# Tajima TME-DC912 w/ FDD



## emb4619 (Oct 24, 2012)

Good Afternoon All! 

I have not filled out my profile yet as I am in urgent need of a potential answer. I have come into possesion of a Tajima TME-DC912 with FDD. I got the old disks with designs on them and they load to memory just fine. However, if I have new designs (DST) it will not read the disk. I have formated a floppy for Tajima and it still will not read it. What am I doing wrong or better yet, how do I write my embroidery file to disk so that this machine will read them to memory? 

Isn't the DST the native language for Tajima?

Any help will be GREATLY appreciated! 

Thank you! 

Katrina Naumann


----------



## DaveW (May 24, 2008)

AFAIK, all Tajima's read DST, but I am far from an expert.

However, I do have an older machine with FDD. It will only read Double Density 720K disks, not the 1.44mb ones. It will not read a disk formatted by a 1.44mb drive (even if it is trying to set it up as a 720k)

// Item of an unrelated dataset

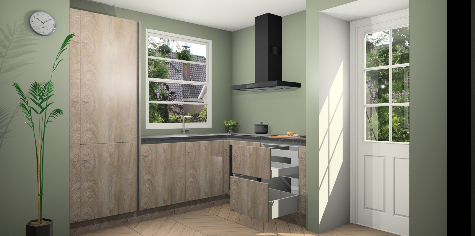 Wilt u een echte aanwinst voor uw keuken, maar bent u op zoek naar iets specialers dan de standaardkeukens? Kies dan voor de Cantaro Eiken greeploze keuken Harbin! Dit prachtige hoekkeukenontwerp geeft u alle ruimte om optimaal te genieten van heerlijk koken. Het uitmuntende afwerkingsniveau, de fraaie houtstructuur en de sfeervolle zwarte grepen maken van de Cantaro Eiken greeploze keuken Harbin de perfecte keuze voor zowel enthousiaste thuiskoks als design-minded interieurliefhebbers.

It will read designs written to the disk by the newer drive with no problem.

So basically, you need to find some DS/DD 720K floppies and use those (and don't format them)

HTH,

DaveW


----------



## emb4619 (Oct 24, 2012)

Thank you for the response! I figured out it was DD versues HD. I have used HD on my Barudan since '99 and have not had issues with them. As a matter of fact, that's what they needed to be! 

Good thing I have a boat load of DD disks that came with the machine!


----------